EXERCISE OBJECTIVE → Omit the pictures and output every entry below exactly as written.

----------------

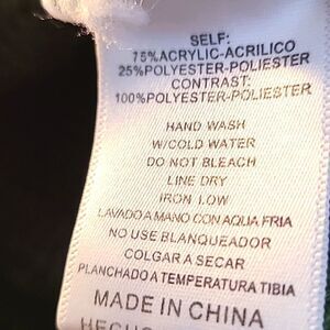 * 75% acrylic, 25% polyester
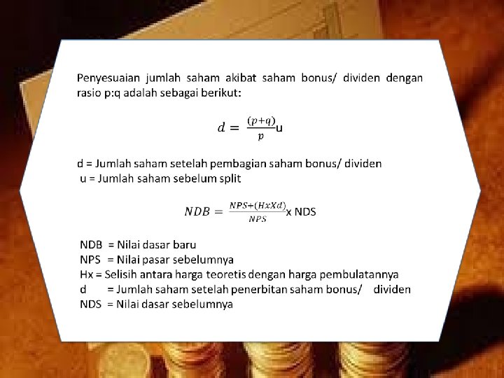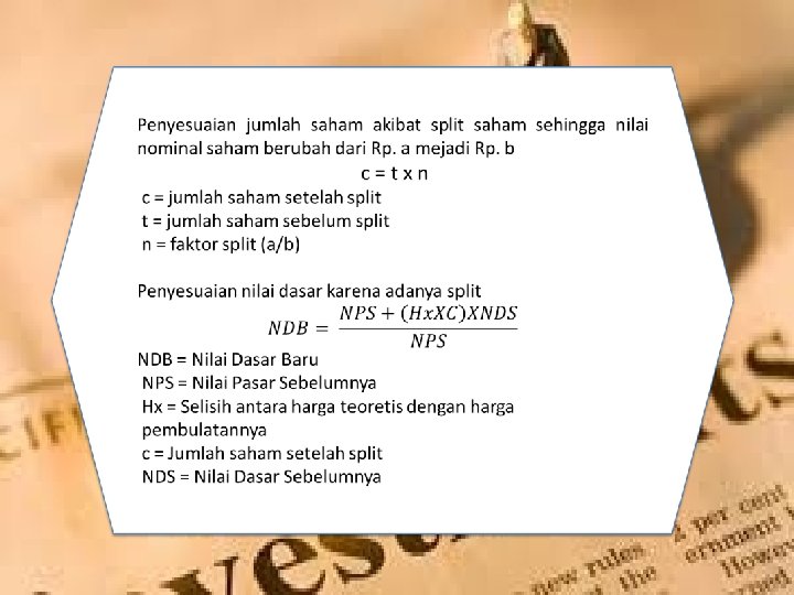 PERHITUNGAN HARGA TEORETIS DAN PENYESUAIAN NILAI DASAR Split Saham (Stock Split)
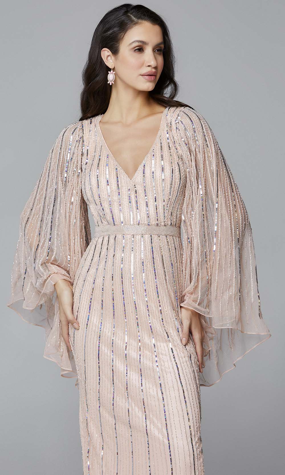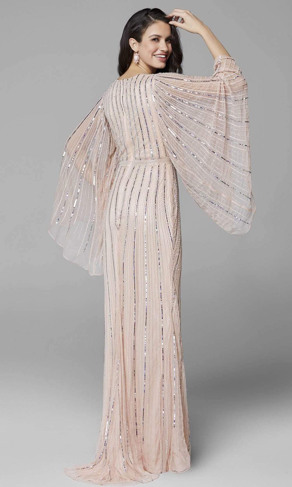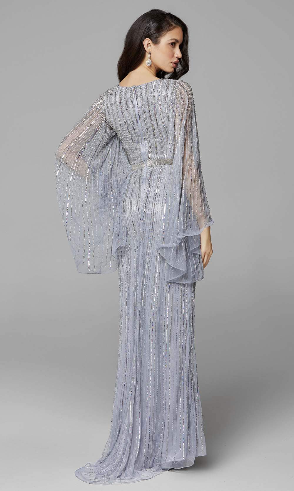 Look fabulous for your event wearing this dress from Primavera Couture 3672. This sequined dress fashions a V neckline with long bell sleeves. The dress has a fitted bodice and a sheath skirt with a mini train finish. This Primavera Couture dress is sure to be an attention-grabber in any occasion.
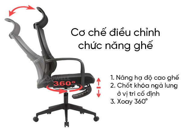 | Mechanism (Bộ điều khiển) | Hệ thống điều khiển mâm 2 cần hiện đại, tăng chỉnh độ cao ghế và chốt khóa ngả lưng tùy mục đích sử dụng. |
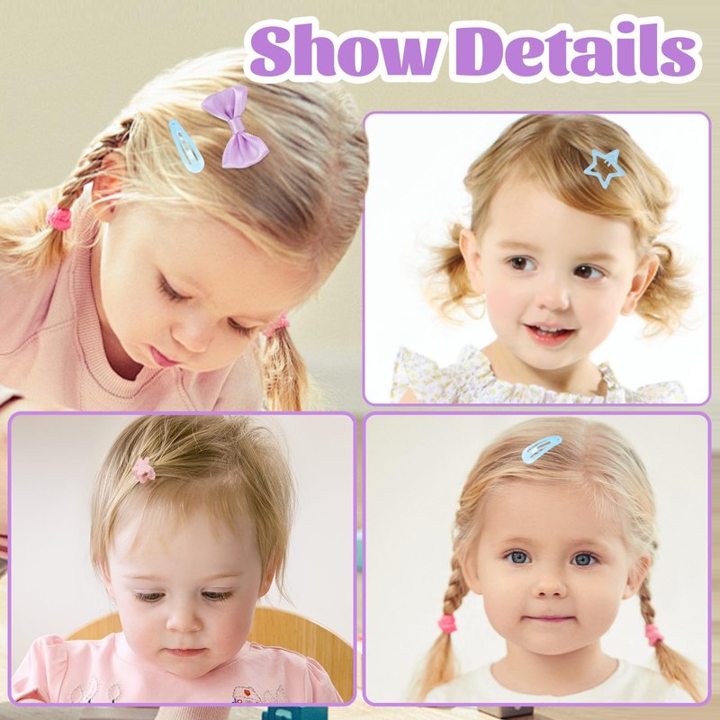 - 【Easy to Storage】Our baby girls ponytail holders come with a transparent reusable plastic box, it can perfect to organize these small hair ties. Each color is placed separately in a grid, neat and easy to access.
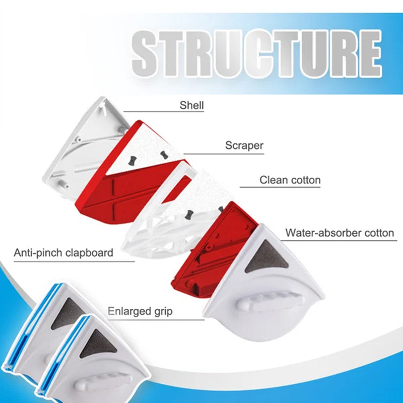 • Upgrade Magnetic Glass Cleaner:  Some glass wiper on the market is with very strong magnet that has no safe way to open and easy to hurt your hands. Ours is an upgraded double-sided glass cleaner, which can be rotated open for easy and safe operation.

----------------

RESPONSE AREA →
 * 75% acrylic, 25% polyester
 PERHITUNGAN HARGA TEORETIS DAN PENYESUAIAN NILAI DASAR Split Saham (Stock Split)
 Look fabulous for your event wearing this dress from Primavera Couture 3672. This sequined dress fashions a V neckline with long bell sleeves. The dress has a fitted bodice and a sheath skirt with a mini train finish. This Primavera Couture dress is sure to be an attention-grabber in any occasion.
 | Mechanism (Bộ điều khiển) | Hệ thống điều khiển mâm 2 cần hiện đại, tăng chỉnh độ cao ghế và chốt khóa ngả lưng tùy mục đích sử dụng. |
 - 【Easy to Storage】Our baby girls ponytail holders come with a transparent reusable plastic box, it can perfect to organize these small hair ties. Each color is placed separately in a grid, neat and easy to access.
 • Upgrade Magnetic Glass Cleaner:  Some glass wiper on the market is with very strong magnet that has no safe way to open and easy to hurt your hands. Ours is an upgraded double-sided glass cleaner, which can be rotated open for easy and safe operation.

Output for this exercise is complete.